Unnamed: 0,F-score,Roc_auc,Recall,Precision
Classification,0.999279,0.999617,1.0,0.998559
PU 20%,0.999796,0.999913,1.0,0.999593


#### 7. Поэкспериментировать с долей P на шаге 5 (как будет меняться качество модели при уменьшении/увеличении размера P)

##### Возьмем не 25, а 30 % для P

In [22]:
mod_data = data.copy()
#get the indices of the positives samples
pos_ind = np.where(mod_data.iloc[:,-1].values == 1)[0]
#shuffle them
np.random.shuffle(pos_ind)
# leave just 30% of the positives marked
pos_sample_len = int(np.ceil(0.3 * len(pos_ind)))
print(f'Using {pos_sample_len}/{len(pos_ind)} as positives and unlabeling the rest')
pos_sample = pos_ind[:pos_sample_len]

Using 1086/3620 as positives and unlabeling the rest


##### Теперь размеченных как класс 1 - всего 905 значений.
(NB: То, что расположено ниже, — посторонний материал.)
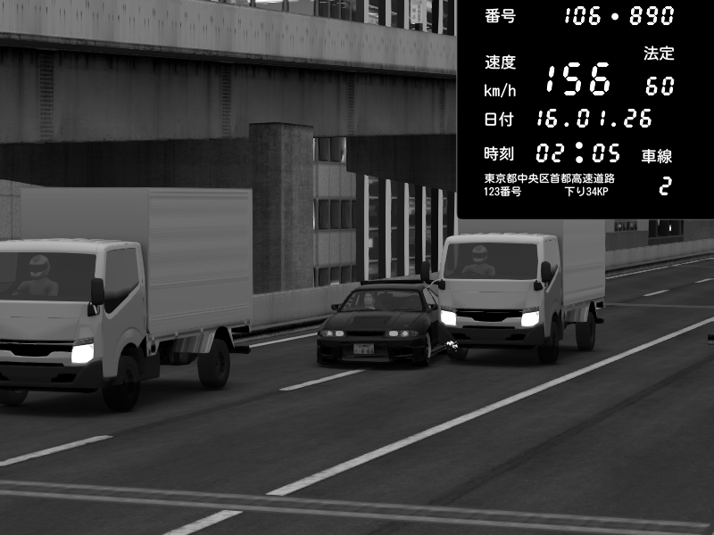 | 2026/01/15 12:15 | C1内回り 竹橋JCT | 179 / 60 km/h | Reedy | Nissan GT-R NISMO 2017 | CAPTURE |
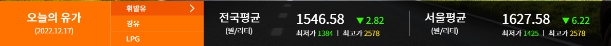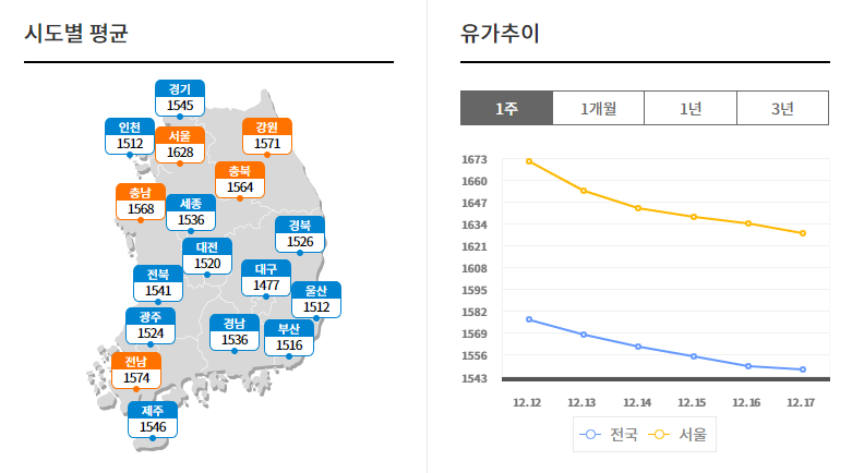 11월까지만 해도 휘발유 가격이 약간 올라가는 추세 였던거 같은데.
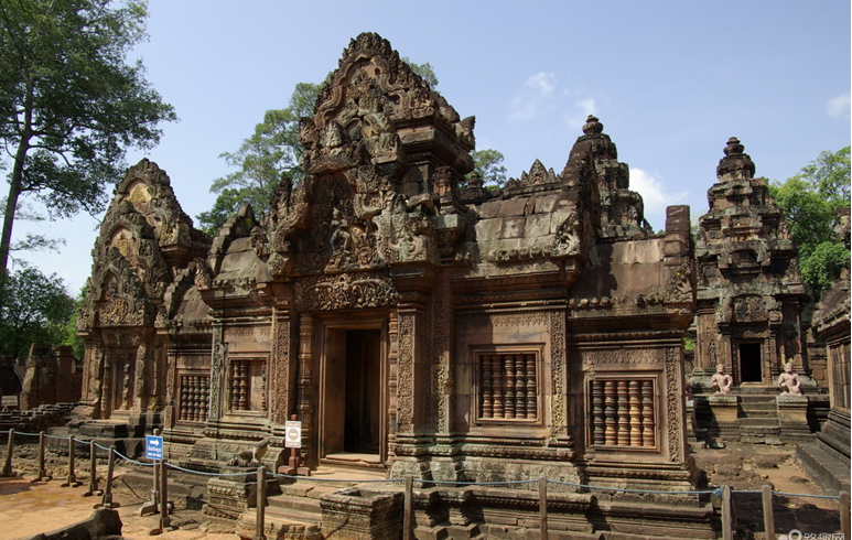 回廊是吳哥窟另一個突出的建筑藝術特色。版權所有山東聊城聊之旅國際旅行社有限公司,轉載必究!吳哥窟的回廊由三個元素組成,內側的墻壁兼朔壁,外向的成排立柱和雙重屋檐的廊頂。這三個元素除去明顯的實用功能之外,對于美感的貢獻,三者缺一不可。長長的畫廊,數十根立柱,一字排開,為吳哥窟的總體外觀,添加橫向空間的節奏感。畫廊的重檐,為吳哥窟的外觀添加縱向節奏感。回廊首先出現于空中宮殿的頂層臺基,而在吳哥窟發展到顛峰,三層臺基各有回廊,如同樂曲旋律的重復,步步高,步步增強,最終歸結到主體中心寶塔。

Остальныепомечаем -1, как неразмеченные

In [23]:
mod_data['class_test'] = -1
mod_data.loc[pos_sample,'class_test'] = 1
print('target variable:\n', mod_data.iloc[:,-1].value_counts())

target variable:
 -1    8914
 1    1086
Name: class_test, dtype: int64


In [24]:
mod_data.head(2)

Unnamed: 0,tau1,tau2,tau3,tau4,p1,p2,p3,p4,g1,g2,g3,g4,stab,stabf,class_test
0,2.95906,3.079885,8.381025,9.780754,3.763085,-0.782604,-1.257395,-1.723086,0.650456,0.859578,0.887445,0.958034,0.055347,0,-1
1,9.304097,4.902524,3.047541,1.369357,5.067812,-1.940058,-1.872742,-1.255012,0.413441,0.862414,0.562139,0.78176,-0.005957,1,1


In [25]:
x_data = mod_data.iloc[:,:-2].values # just the X 
y_labeled = mod_data.iloc[:,-1].values # new class (just the P & U)
y_positive = mod_data.iloc[:,-2].values # original class

In [26]:
mod_data = mod_data.sample(frac=1)
neg_sample = mod_data[mod_data['class_test']==-1][:len(mod_data[mod_data['class_test']==1])]
sample_test = mod_data[mod_data['class_test']==-1][len(mod_data[mod_data['class_test']==1]):]
pos_sample = mod_data[mod_data['class_test']==1]
print(neg_sample.shape, pos_sample.shape)
sample_train = pd.concat([neg_sample, pos_sample]).sample(frac=1)

(1086, 15) (1086, 15)


##### Обучим модель

In [27]:
model = xgb.XGBClassifier()

model.fit(sample_train.iloc[:,:-2].values, 
          sample_train.iloc[:,-2].values)
y_predict = model.predict(sample_test.iloc[:,:-2].values)

In [28]:
pu_30 = evaluate_results(sample_test.iloc[:,-2].values, y_predict)

Classification results:
f1: 99.96%
roc: 99.96%
recall: 99.91%
precision: 100.00%


In [29]:
result = [classification, pu_20, pu_30]
index = ['Classification', 'PU 20%', 'PU 30%']

metrics = pd.DataFrame(result, index=index, columns=['F-score', 'Roc_auc', 'Recall', 'Precision'])

In [30]:
metrics

Unnamed: 0,F-score,Roc_auc,Recall,Precision
Classification,0.999279,0.999617,1.0,0.998559
PU 20%,0.999796,0.999913,1.0,0.999593
PU 30%,0.999553,0.999553,0.999106,1.0


#### С увеличением размера выборки P метрики f1 и roc_auc падают.